== Segment start ==

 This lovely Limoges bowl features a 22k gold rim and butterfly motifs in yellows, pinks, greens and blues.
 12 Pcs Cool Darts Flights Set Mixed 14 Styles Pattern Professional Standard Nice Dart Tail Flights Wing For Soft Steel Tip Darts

== Segment end ==
== Segment start ==

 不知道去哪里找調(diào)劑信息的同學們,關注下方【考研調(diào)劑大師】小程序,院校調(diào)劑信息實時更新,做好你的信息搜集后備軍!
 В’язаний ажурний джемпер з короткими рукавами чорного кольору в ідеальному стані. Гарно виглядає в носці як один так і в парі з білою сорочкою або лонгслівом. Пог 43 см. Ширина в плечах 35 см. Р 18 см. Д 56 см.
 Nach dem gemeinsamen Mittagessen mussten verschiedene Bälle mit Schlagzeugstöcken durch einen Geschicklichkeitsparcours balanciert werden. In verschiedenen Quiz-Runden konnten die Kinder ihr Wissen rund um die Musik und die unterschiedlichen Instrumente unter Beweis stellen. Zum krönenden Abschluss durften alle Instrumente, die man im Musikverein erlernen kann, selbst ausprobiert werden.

== Segment end ==

◆ **Exercise directions**:
Repeat the entries above verbatim, but only from the line that has "This lovely Limoges" down to the line that has "12 Pcs Cool", inclusive.

◆ **Result of the task**:
 This lovely Limoges bowl features a 22k gold rim and butterfly motifs in yellows, pinks, greens and blues.
 12 Pcs Cool Darts Flights Set Mixed 14 Styles Pattern Professional Standard Nice Dart Tail Flights Wing For Soft Steel Tip Darts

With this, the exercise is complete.